Haseen Dillruba’s Dinesh Pandit: An Ode to Hindi Pulp Fiction Writers
The pulp characters of Ved Prakash, Surendra Mohan, Gulshan Nanda, achieved virality without the Internet or memes.
A question troubling everyone after watching Taapsee Pannu, Vikrant Massey-starrer Haseen Dillruba is — who is Dinesh Pandit? The answer to this lies back in time when Hindi pulp fiction was at its peak.
Vardi Wala Gunda, Pyaar Ka Mohra, Phas Hi Gayi Kaatil Biwi, Solva Sawan, Grahini Ka Pratishodh — these pulp fiction thrillers quietly made their way from the bus stands and railways stations to underneath the pillows of a generation of readers. If not these, the timeless Manohar Kahaniyaan and Saras Salil were sure to find a place. For a society sans the internet, these pulpy pages remained a dedicated asset for its rituals of amusement and 'pleasure', without the VPN.
In a conversation with The Quint, the film's writer Kanika Dhillon revealed that Dinesh Pandit is a homage to all the pulp fiction authors she grew up reading. These writers had huge readerships, and their stories a loyal and dedicated fanbase. So much so that these books were enough to ignite wrestles and contests between friends as to who will get to read the book first. Indeed, the true test of friendship. It’s almost impossible for the Gen-Z to believe that before the ‘Netflix and chill’, there was the hushed ‘under the pillow-talk’.
Ved Prakash Sharma
The belt of heartland Hindi pulp fiction is incomplete without the glorious Ved Prakash Sharma. Legend has it that, when several hailed editors and writers were turning to the management and literary intelligence to reach small pockets of readers, this small-town writer from Meerut ruled hearts with his Hindi pulp novels.

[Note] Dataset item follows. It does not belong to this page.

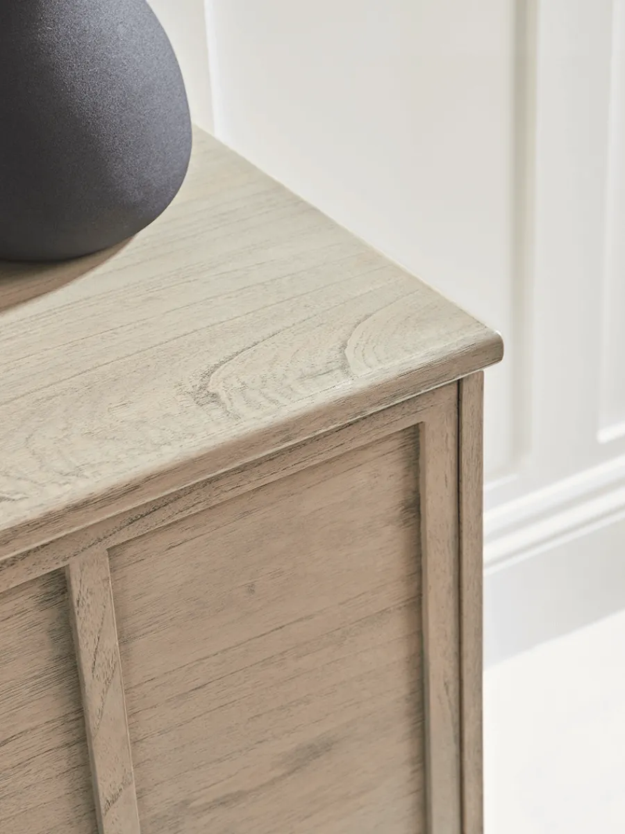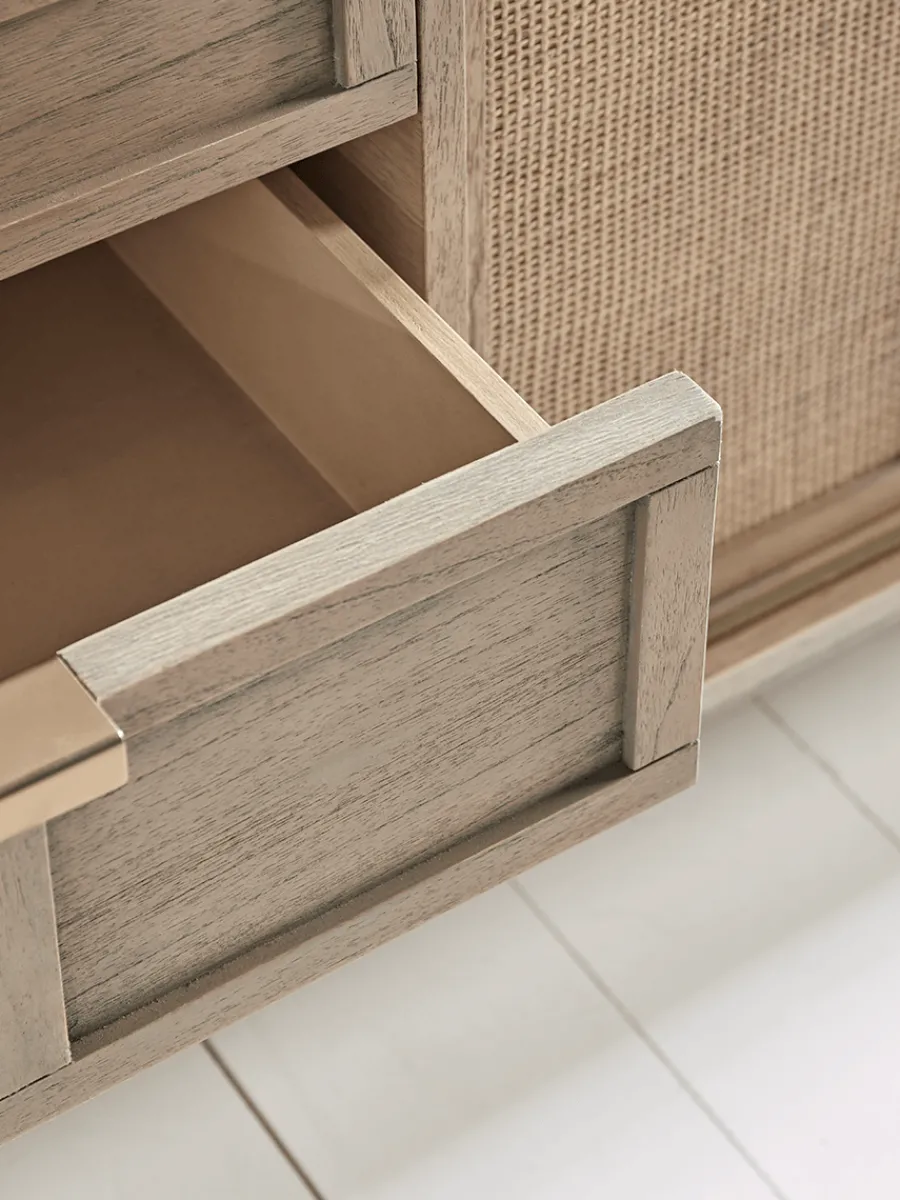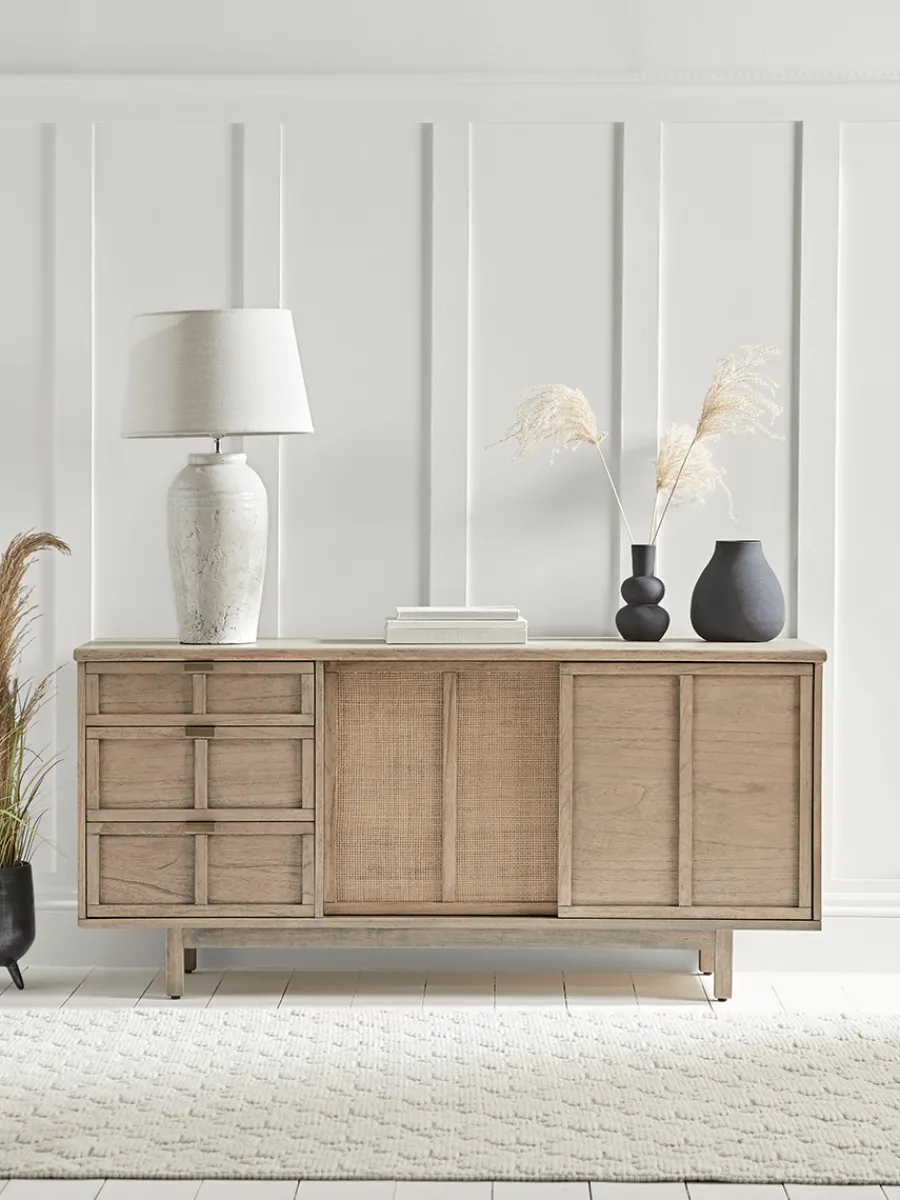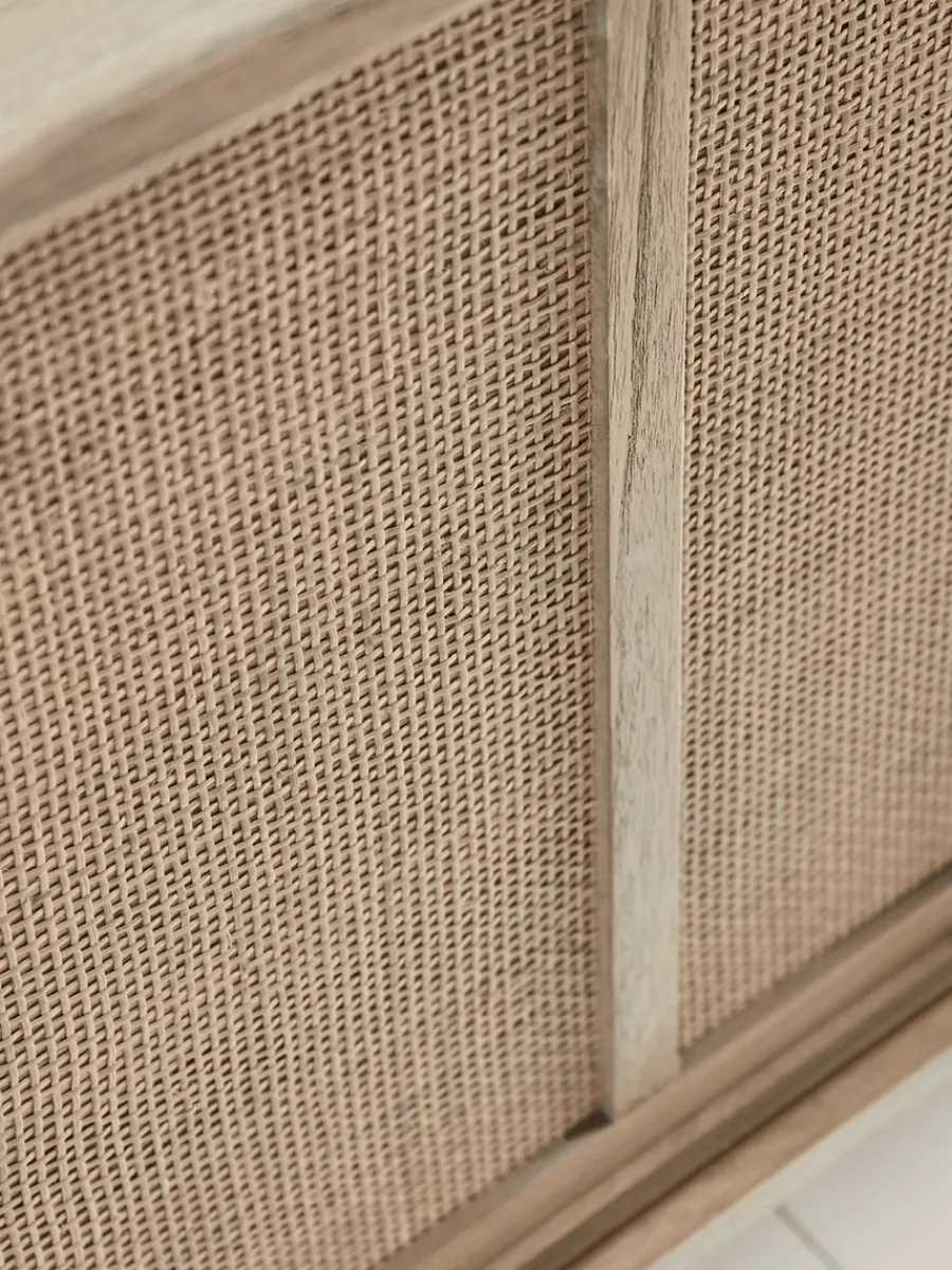 Achieve a clean, minimalist aesthetic in your living space with our Boren Sideboard. Crafted using beautiful Mindi wood with a slightly weathered finish and handwoven rattan cane webbing for a serene, natural touch, this unit has plenty of space on its smooth surface for your favourite ornaments and table lamps.

The first edition of Vardi Wala Gunda alone sold 15 Lakh copies. The later editions were so popular that they lost count. He never used explicit sexual content to sell his books, and was admired by young men and women alike. Bollywood has drawn inspiration from his novels multiple times. In 1985, Shashilal Nair adapted his novel Bahu Maange Insaaf for screen —Bahu Ki Aawaz. A decade later, in 1995, Sabse Bada Khiladi, and then in 1999, International Khiladi were made, both of which were adaptations of his novel Lallu.
Surendra Mohan Pathak
Having written over 300 novels, Surendra Mohan Pathak is often regarded as the ‘Grand Master’ of Hindi pulp fiction. His books were loved so much that there’d be waiting lists outside the bookstores.
His writing career commenced in 1960 with his full-time job in Delhi in the Indian telecom industry, when he translated Ian Fleming’s James Bond to Hindi. His first short story, 57 Saal Purana Aadmi, was published in one of the most popular magazines at the time — Manohar Kahaniyaan. His first novel, Puraane Gunah, Naye Gunehgaar, was published in the widely-read Neelam Jasoos in 1963.
Following his initial success, he delivered a string of crime novels, and his audience amplified. He wrote over 100 novels based on the beloved character of Sunil Chakravarty, an investigative journalist. Not only that, another one of his characters — private detective Sudhir Kohli — was a hit among the readers. His book, Colaba Conspiracy, was voted the most popular book on Amazon in 2014.
Gulshan Nanda widened the genre of Hindi pulp fiction by integrating crime thrillers with romance, and stories set in domestic environments. At a time when readers were gripped with the work of famous novelists like Ibne Safi, he constructed tales around tropes such as the rich and poor, twin brothers, the big city guy and the girl from the village, daughter of a wealthy household in love with a poor guy. These stories attracted massive readership to him.
His novels Neelkanth and Gaylord swept the readers and he became the most popular name among the pulp writers.
Parents, under the guise that his books are not meant for children, would conveniently have the same books under their pillows. There was nobody who was a stranger to Nanda’s books.
An Era Beyond the Novels
Apart from these bulky novels, there was a multitude of monthly subscription-based magazines that would easily surpass the sales of the mainstream political ones.
In small towns, this was the time of subscriptions not for Amazon Prime or Netflix, but Saras Salil and Manohar Kahaniyaan. However, the era of hiding these magazines under the pillow has long gone.